Teatime in Kashmir

The Wonder House
By Justine Hardy
Grove Press
386 Pages
$24.00
By Catherine Tung

In her first novel, Justine Hardy relies on a time-honored premise to shape the plot: The Arrival of the Outsider. In this case, the outsider is a young British journalist named Hal Copeman, and the place is Kashmir.

At first, Hal's visit is filled with purpose and direction: he is to interview Gracie Singh, an old Englishwoman who, since the death of her Indian husband, has lived among the Kashmiri in a boathouse called the Wonder House. Hal's introduction to Kashmir is also our own, and Hardy's vivid prose is a worthy guide. At one point, Hal asks about the meaning of the word asal. "It means beautiful, pretty, lovely, anything that is good," he is told. "We use it so much in my language that it is like a common call."

The asal in Hardy's book is present on every page—in itself, an accomplishment for a first novel. We see the "ice skirt" that surrounds the Wonder House in the winter, and the old transistor of Suriya's radio, hung with a strip of cotton on the side of the dunga; we smell the "crushed cardamom and the musk of coriander seeds" that fill the boat before dinner.

The journalist's visit, however, falls during a time that threatens to rupture this beauty: it is 1999, and Musharraf has just overthrown the Pakistani government. There are soldiers everywhere. Irfan, Gracie's young neighbor, has just run away to join a band of Islamic insurgents. The tone of the plot is pitched very high; it is difficult for any book to maintain such intensity without veering off into melodrama, and The Wonder House is no exception. Tension quickly tumbles into nostalgia and sentimentality. The interview between Hal and Gracie gives way to reminiscences about England. Hal falls in love with Gracie's surrogate granddaughter, Lila.

If this all sounds a little complicated, it sort of is. If it sounds unlikely—well, Hardy's novel is not exactly farfetched; she has, after all, chosen to set her characters within a time of strife, and it is inevitable that violence and passion should become features of their day-to-day lives. Yet, even if each point in the novel contains its own internal logic, the different episodes do not always cross or culminate in a satisfying way. The plot comes to seem loose and aimless, and ultimately, this gives the events a tinge of implausibility.
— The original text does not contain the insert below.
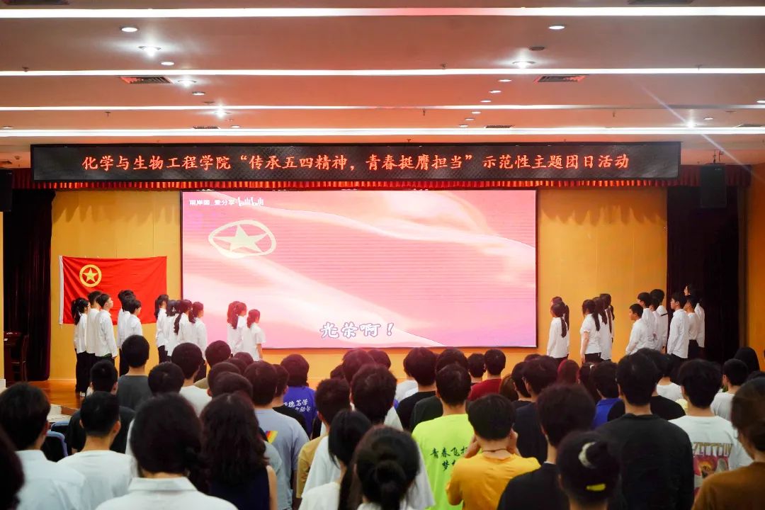 在全体人员满怀激情唱响共青团团歌后,团日活动由此拉开序幕。

The problem is exacerbated by Hardy's detached approach to her characters. The Wonder House opens with a fascinating group of people that seems to burst with the potential for a good story. There is Gracie, the old English widow; her surrogate daughter Suriya, a mute; Lila, Suriya's tragically beautiful daughter; Irfan, the conflicted young man; Hal, the lonely journalist. Rather than developing these characters, however, Hardy's writing tends to fall back on more concrete material: the narrative often lingers more on mundane accounts of teatime than on the characters' motivations. When we do get a moment of introspection, often it is of a very general nature: Irfan, at one point, asks: "Do you really believe that Allah wants us to carry the gun and to kill in his name?"

It is worth noting that Hardy, throughout most of her career, has herself worked as a journalist. There is much of the journalist's political mindset at work in this novel, and, while the author's viewpoints are rooted in real passion, they often come at the expense of more nuanced fiction. When Lila, early in the novel, is raped by soldiers on the street, her uncle responds by asking: "What did you do?" "What did I do?" responds Lila, enraged. "I am a woman, that is all that I did."
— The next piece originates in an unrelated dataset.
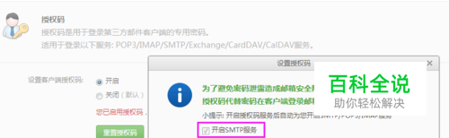 勾选 "开启IMAP/SMTP 服务", 然后点 "确定"

It is clear that Hardy cares deeply about the place and the people portrayed in her writing. A balance still needs to be struck, however, between writing about the material and letting the material speak for itself. The characters often become flat beneath the weight of the author's pen: Irfan is less a boy than he is a personified indictment of religious violence. If indictment is indeed Hardy's aim, however, the testament of a well-rounded character would have been more compelling than a stiffly constructed composite.
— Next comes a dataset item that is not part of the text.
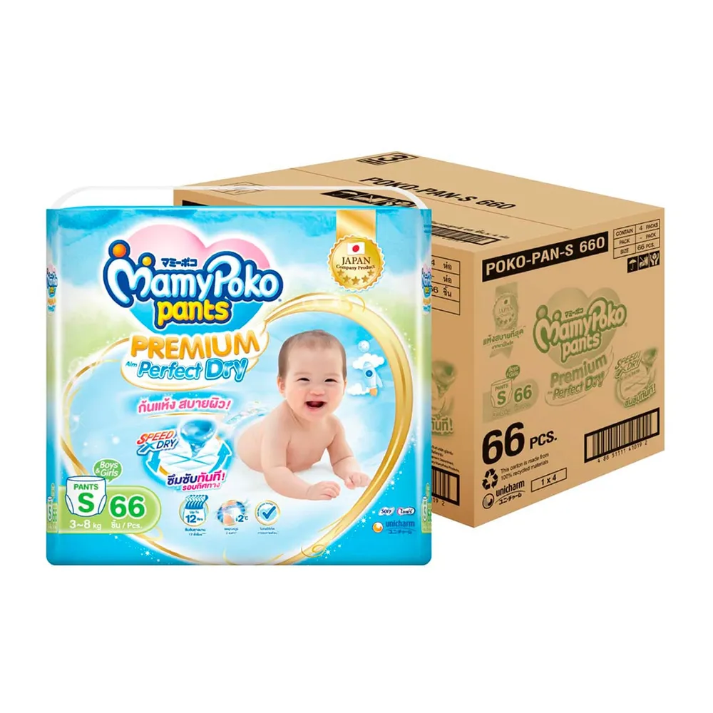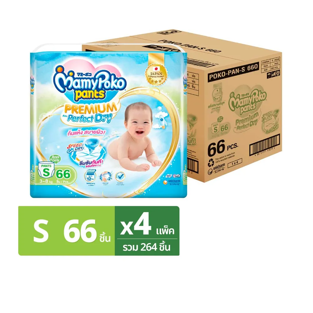 มามี่โพโค แพนท์ กางเกงผ้าอ้อม พรีเมียม เอม เพอร์เฟกต์ ดราย ขนาด S 66 ชิ้น x 4 แพ็ค

Fortunately, Hardy is far more successful in her portrayal of Kashmir itself. She seems to relax when describing the landscape: the writing is allowed to breathe, and readers can sense for themselves the beauty of the place. What remains is to tie all these beautiful moments together into the larger elements of the book—the characters, the plot arcs—so that we can truly experience Kashmir in the same way that the author has.

 

Catherine Tung is a senior in Dudley House.